= Compendium of postage stamp issuers (Ca–Ce) =

Each "article" in this category is a collection of entries about several stamp issuers, presented in alphabetical order. The entries are formulated on the micro model and so provide summary information about all known issuers.

See the :Category:Compendium of postage stamp issuers page for details of the project.

== Cabinda ==

Formerly Portuguese Congo, this territory had protectorate status since 1883 and was separate from Portuguese West Africa. As part of various independence movements in the 1960s a group called Front for the Liberation of the Enclave of Cabinda (FLEC) established a government-in-exile in Kinshasa. FLEC made a unilateral declaration of independence on 1 August 1975 but it was not recognised by Portugal or internationally.

In November 1975, Angolan troops of the MPLA occupied Cabinda which was annexed into the newly independent Angolan state. Angola calls the territory Cabinda Province. Since then, FLEC and other factions within Cabinda have struggled for full independence and seek to form the Republic of Cabinda.

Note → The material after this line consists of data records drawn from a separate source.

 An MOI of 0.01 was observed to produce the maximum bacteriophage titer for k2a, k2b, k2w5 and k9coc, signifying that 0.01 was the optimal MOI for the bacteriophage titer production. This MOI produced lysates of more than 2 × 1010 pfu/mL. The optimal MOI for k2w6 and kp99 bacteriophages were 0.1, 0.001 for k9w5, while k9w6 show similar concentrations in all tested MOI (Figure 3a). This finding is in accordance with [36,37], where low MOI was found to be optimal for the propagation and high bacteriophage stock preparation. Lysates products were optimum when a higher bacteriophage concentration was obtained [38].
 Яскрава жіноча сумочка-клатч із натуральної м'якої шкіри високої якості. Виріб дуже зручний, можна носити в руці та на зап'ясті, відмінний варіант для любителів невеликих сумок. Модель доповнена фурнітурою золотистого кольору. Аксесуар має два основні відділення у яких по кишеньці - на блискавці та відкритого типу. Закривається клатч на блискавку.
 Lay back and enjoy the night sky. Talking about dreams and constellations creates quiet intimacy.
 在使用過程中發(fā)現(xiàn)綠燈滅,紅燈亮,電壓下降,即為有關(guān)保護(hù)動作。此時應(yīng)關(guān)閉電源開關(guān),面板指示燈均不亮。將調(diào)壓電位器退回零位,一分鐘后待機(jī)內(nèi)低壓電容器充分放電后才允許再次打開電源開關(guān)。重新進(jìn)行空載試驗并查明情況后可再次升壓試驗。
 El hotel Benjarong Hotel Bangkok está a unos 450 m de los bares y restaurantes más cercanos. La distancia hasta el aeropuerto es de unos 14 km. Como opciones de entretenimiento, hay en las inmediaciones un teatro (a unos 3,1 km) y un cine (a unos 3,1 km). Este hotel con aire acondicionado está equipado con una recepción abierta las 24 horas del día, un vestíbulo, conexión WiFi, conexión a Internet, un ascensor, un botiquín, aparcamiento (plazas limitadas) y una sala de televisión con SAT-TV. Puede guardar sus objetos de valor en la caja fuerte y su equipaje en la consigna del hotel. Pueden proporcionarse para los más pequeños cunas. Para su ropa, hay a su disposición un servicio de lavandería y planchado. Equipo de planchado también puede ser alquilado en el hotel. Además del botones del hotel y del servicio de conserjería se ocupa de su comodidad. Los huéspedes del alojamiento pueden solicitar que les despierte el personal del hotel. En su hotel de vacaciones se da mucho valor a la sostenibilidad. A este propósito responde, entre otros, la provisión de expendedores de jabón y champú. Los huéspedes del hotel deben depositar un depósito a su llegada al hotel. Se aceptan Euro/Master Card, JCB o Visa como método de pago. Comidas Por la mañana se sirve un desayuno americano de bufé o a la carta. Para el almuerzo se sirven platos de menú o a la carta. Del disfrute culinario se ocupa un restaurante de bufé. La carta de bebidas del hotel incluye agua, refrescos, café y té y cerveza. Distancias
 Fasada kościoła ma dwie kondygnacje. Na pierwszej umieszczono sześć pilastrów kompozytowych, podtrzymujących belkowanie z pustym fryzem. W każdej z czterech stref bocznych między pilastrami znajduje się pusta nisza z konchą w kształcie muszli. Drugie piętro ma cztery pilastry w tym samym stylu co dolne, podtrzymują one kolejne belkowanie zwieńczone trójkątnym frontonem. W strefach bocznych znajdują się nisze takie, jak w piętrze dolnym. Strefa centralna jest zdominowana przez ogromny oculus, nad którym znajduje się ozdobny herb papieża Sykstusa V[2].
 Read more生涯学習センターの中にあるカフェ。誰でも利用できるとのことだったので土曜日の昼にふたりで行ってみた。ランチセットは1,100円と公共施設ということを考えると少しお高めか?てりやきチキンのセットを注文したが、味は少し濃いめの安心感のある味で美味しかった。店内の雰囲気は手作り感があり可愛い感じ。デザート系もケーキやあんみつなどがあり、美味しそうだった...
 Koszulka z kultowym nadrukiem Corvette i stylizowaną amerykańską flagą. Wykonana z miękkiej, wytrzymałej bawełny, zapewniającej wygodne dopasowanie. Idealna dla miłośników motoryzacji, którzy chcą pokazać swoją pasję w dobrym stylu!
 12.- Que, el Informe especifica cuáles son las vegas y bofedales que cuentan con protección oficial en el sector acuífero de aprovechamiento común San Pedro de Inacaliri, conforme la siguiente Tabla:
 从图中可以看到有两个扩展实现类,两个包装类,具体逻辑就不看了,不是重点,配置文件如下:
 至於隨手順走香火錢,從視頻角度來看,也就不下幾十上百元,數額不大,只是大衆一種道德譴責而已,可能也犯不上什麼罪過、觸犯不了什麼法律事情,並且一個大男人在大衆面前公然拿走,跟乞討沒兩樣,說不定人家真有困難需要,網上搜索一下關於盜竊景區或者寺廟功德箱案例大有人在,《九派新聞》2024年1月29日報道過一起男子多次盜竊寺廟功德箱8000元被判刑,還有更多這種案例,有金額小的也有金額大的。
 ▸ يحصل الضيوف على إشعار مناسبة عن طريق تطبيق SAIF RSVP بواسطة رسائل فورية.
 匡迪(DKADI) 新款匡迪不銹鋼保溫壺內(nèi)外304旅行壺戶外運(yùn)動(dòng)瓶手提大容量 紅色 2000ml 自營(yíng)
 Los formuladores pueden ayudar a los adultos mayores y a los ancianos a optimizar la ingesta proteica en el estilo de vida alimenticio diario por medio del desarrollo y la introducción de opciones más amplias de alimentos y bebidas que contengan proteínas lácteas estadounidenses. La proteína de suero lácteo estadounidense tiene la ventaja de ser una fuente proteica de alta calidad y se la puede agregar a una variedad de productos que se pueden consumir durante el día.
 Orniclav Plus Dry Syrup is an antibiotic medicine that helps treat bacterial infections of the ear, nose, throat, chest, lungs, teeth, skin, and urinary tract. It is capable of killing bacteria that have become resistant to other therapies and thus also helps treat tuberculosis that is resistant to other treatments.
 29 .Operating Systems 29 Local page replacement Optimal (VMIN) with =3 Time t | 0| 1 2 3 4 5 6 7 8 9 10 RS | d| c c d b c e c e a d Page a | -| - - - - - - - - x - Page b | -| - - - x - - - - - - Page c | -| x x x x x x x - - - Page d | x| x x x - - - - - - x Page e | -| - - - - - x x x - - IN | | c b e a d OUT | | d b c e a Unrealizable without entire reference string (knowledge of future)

Various organizations have issued stamps for Cabinda (widely regarded as cinderellas). These include:
- The Cabinda National Philatelic Bureau, which issued a set of eleven overprints on Angolan stamps, all with a denomination of 500 Central African francs, with designs showing fauna and mushrooms on 27 October 2006. These stamps have seen some use as paquebot mail in Barbados.
- The Federation of Free States of Africa, which issued thirty one designs showing the coat of arms and flag as well as ships, fauna, planes, natives and a map of Africa from 2010 to 2012.
- Other stamps and miniature sheets for thematic collectors appeared on eBay, Delcampe and other websites from sellers in Belarus, France, Israel and the United States.

- Refer
  Angola;
		Portuguese Congo

== Caicos Islands ==

Separate issues by the Caicos part of the Turks and Caicos Islands, which are in the Caribbean
north of Hispaniola. The Caicos are not politically independent of the Turks and there remains
some controversy about the validity of the stamps, although they have been accepted for postal
use.

- Dates
  1981 – 1985
- Currency
  100 cents = 1 dollar

- Refer
  Turks and Caicos Islands

== Calchi ==

- Refer
  Khalki

== Calimno ==

- Refer
  Kalimnos

== Calino ==

- Refer
  Kalimnos

== Calymnos ==

- Refer
  Kalimnos

== Cambodge ==

- Refer
  Cambodia

== Cambodia ==

- Dates
  1951–1975; 1980 –
- Capital
  Phnom Penh
- Currency
  (1951) 100 cents = 1 piastre
		(1955) 100 cents = 1 riel

- Main Article
Postage stamps and postal history of Cambodia

- Includes
  Kampuchea;
		Khmer Republic

- See also
  Indochina

== Cambodia (Indochina) ==

One issue in 1936 when part of French Indochina.

- Dates
  1936
- Currency
  100 cents = 1 piastre

- Refer
  Indochina Territories

- See also
  Annam (Indochina)

== Cameroons (British Occupation) ==

British and French forces occupied the country during World War I and issue German Kamerun Yacht types with overprint of CEF and British currency value. The British section became Southern Cameroons and was administered as part of Nigeria until 1960 when it rejoined Cameroun (the former French section) after a plebiscite.

- Dates
  1915 only
- Currency
  12 pence = 1 shilling; 20 shillings = 1 pound

- Refer
  British Occupation Issues

- See also
  Southern Cameroons

== Cameroun ==

The German colony of Kamerun was occupied by French and British forces during World War I. Southern Cameroons became part of Nigeria but the remainder was administered by France until 1960 as Cameroun.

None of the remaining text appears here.